INFORMATION SUPPLIED ▸
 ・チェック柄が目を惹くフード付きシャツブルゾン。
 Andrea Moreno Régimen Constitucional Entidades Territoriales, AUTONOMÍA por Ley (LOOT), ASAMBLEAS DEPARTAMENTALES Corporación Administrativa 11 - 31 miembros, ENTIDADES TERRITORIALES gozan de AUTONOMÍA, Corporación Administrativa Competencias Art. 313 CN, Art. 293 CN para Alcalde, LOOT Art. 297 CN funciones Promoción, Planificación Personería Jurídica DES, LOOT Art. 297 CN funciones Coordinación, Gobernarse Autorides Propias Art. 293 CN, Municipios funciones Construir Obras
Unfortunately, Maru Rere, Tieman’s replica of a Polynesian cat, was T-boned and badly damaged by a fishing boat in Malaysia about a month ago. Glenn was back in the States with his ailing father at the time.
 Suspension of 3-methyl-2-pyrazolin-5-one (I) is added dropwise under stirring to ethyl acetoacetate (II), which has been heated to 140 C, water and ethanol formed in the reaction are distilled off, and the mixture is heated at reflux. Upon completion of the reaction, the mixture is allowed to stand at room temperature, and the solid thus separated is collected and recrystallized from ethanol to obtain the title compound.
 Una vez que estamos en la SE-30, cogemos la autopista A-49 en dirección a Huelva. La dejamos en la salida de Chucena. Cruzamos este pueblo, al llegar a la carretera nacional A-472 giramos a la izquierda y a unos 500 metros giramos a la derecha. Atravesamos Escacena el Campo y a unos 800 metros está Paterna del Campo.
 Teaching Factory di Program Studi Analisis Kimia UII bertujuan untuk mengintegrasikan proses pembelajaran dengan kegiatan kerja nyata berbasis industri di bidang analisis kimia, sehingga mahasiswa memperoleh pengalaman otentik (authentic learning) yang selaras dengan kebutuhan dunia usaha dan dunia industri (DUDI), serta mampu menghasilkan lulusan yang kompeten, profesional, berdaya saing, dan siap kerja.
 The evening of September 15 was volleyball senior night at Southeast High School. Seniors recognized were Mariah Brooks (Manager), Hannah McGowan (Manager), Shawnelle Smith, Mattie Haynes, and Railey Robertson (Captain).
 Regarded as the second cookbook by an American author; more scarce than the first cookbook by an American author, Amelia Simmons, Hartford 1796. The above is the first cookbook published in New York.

...

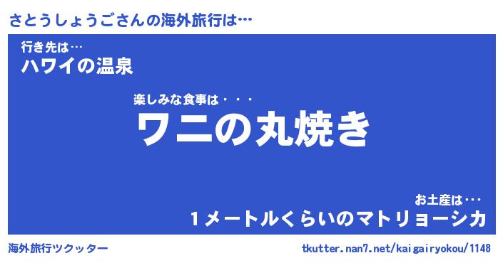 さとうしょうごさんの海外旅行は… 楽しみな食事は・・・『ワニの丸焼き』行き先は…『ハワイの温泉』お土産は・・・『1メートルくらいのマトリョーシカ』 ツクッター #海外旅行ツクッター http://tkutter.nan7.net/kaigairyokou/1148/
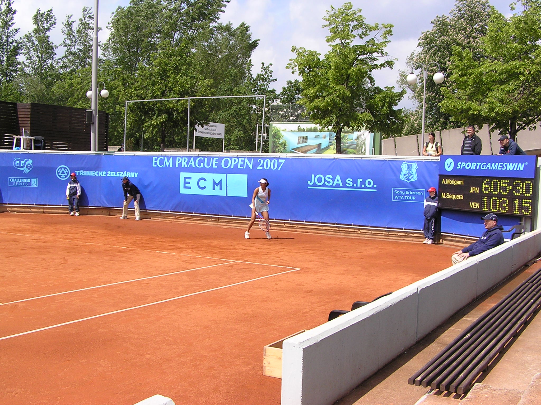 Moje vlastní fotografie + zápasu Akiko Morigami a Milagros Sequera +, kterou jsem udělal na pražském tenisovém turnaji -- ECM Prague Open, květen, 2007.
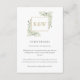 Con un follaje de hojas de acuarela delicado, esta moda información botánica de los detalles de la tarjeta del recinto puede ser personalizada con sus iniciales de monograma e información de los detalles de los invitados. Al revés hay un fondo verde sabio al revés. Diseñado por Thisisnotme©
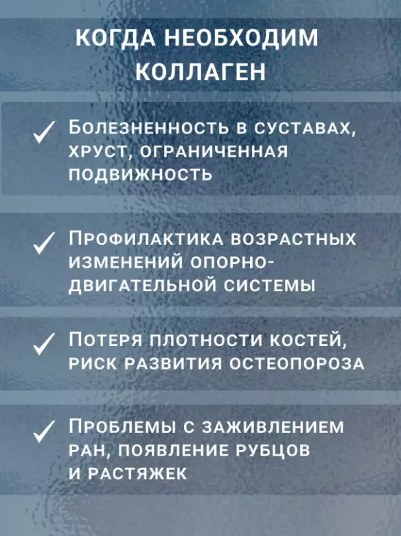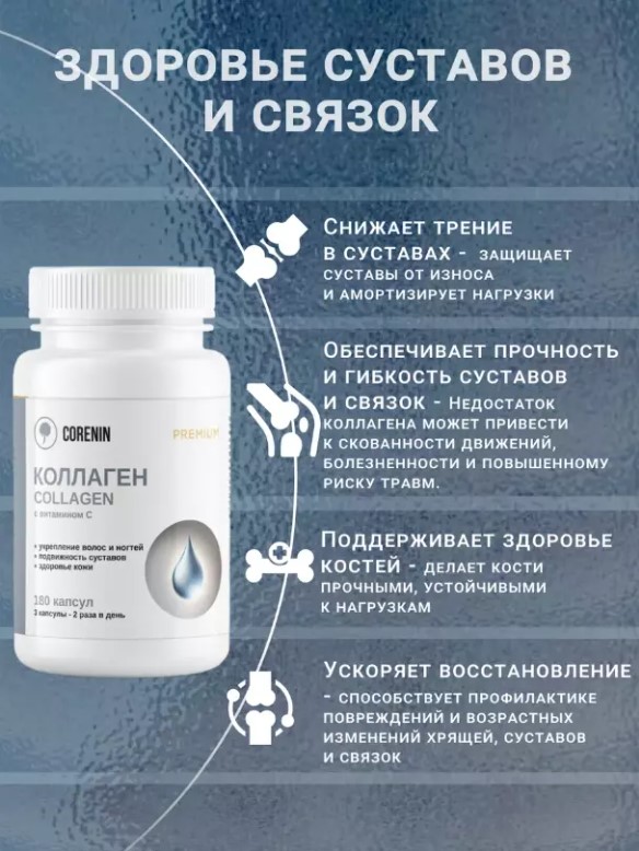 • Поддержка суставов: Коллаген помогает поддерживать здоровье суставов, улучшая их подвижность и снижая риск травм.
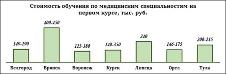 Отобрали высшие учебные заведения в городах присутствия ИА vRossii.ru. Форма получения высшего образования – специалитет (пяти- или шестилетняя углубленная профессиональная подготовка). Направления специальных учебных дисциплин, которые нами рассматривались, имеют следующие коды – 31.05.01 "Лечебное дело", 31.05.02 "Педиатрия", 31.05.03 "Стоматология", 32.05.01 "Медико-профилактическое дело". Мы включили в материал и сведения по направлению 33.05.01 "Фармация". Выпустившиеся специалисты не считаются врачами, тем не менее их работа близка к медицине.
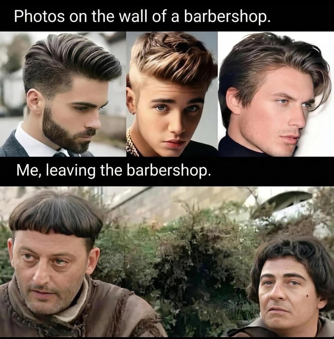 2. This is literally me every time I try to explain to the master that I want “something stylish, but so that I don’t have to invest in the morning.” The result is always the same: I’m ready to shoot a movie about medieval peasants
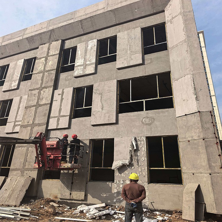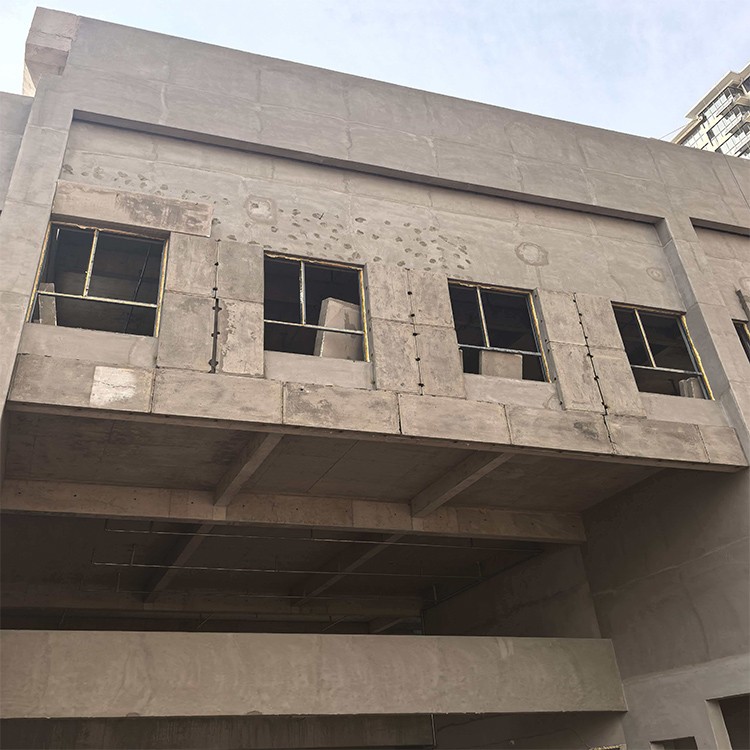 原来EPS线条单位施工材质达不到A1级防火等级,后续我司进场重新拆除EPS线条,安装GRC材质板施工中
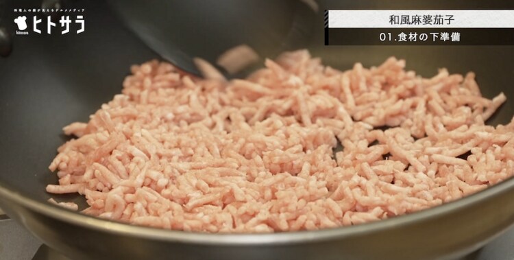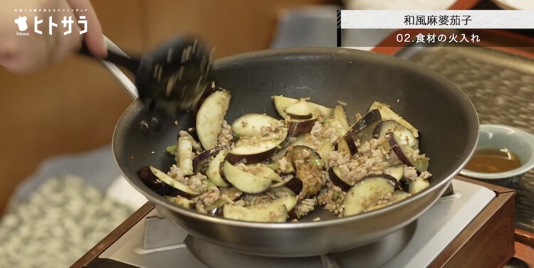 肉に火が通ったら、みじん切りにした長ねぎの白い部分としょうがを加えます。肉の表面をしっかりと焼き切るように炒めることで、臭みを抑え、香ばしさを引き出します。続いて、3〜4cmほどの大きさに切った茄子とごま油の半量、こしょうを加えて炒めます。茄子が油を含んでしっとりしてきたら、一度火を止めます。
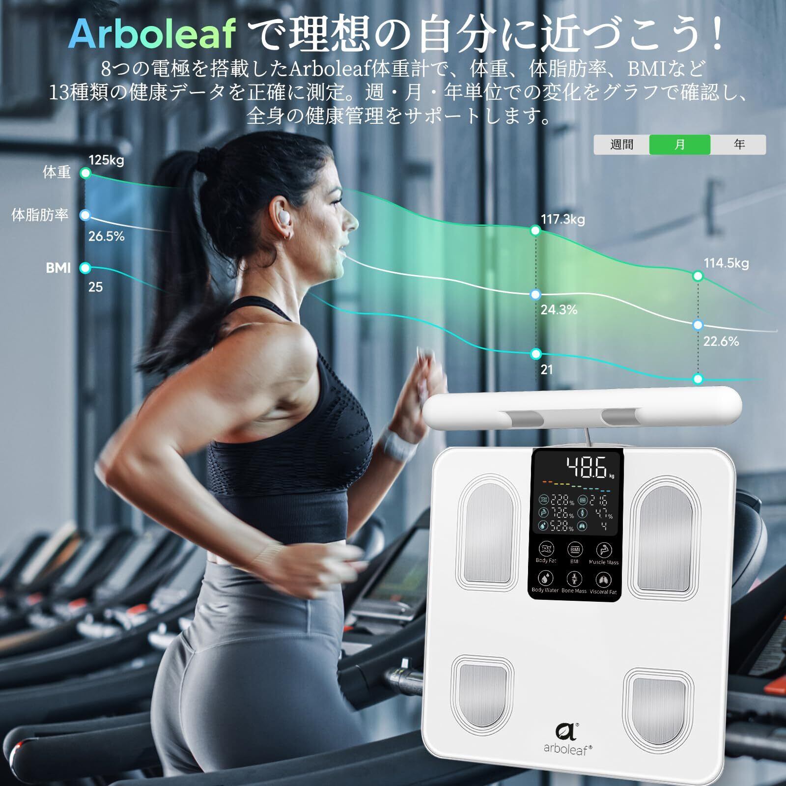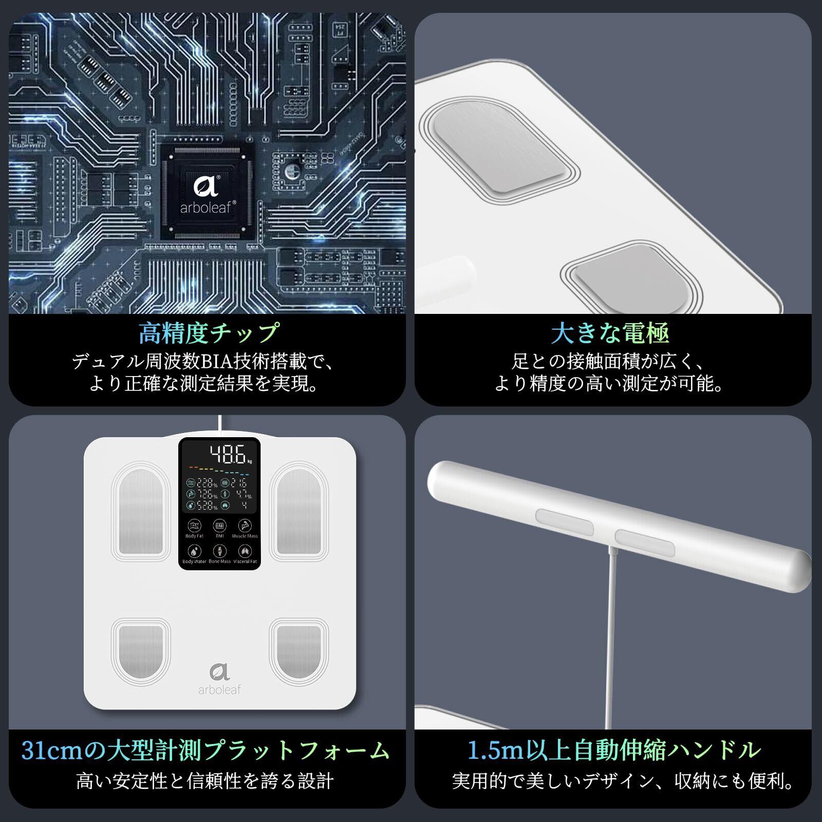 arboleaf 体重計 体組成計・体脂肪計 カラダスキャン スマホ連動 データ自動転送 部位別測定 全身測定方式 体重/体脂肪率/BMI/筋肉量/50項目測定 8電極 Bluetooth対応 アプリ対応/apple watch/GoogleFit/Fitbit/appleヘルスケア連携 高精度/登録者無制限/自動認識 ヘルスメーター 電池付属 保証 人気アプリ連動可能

WORK TO BE COMPLETED ▸ Using the material above, transcribe exactly the lines from the one holding "Отобрали высшие учебные" to the one holding "arboleaf 体重計 体組成計・体脂肪計", both ends kept. Do not carry over any pictures.

SOLVED EXERCISE ▸
 Отобрали высшие учебные заведения в городах присутствия ИА vRossii.ru. Форма получения высшего образования – специалитет (пяти- или шестилетняя углубленная профессиональная подготовка). Направления специальных учебных дисциплин, которые нами рассматривались, имеют следующие коды – 31.05.01 "Лечебное дело", 31.05.02 "Педиатрия", 31.05.03 "Стоматология", 32.05.01 "Медико-профилактическое дело". Мы включили в материал и сведения по направлению 33.05.01 "Фармация". Выпустившиеся специалисты не считаются врачами, тем не менее их работа близка к медицине.
 2. This is literally me every time I try to explain to the master that I want “something stylish, but so that I don’t have to invest in the morning.” The result is always the same: I’m ready to shoot a movie about medieval peasants
 原来EPS线条单位施工材质达不到A1级防火等级,后续我司进场重新拆除EPS线条,安装GRC材质板施工中
 肉に火が通ったら、みじん切りにした長ねぎの白い部分としょうがを加えます。肉の表面をしっかりと焼き切るように炒めることで、臭みを抑え、香ばしさを引き出します。続いて、3〜4cmほどの大きさに切った茄子とごま油の半量、こしょうを加えて炒めます。茄子が油を含んでしっとりしてきたら、一度火を止めます。
 arboleaf 体重計 体組成計・体脂肪計 カラダスキャン スマホ連動 データ自動転送 部位別測定 全身測定方式 体重/体脂肪率/BMI/筋肉量/50項目測定 8電極 Bluetooth対応 アプリ対応/apple watch/GoogleFit/Fitbit/appleヘルスケア連携 高精度/登録者無制限/自動認識 ヘルスメーター 電池付属 保証 人気アプリ連動可能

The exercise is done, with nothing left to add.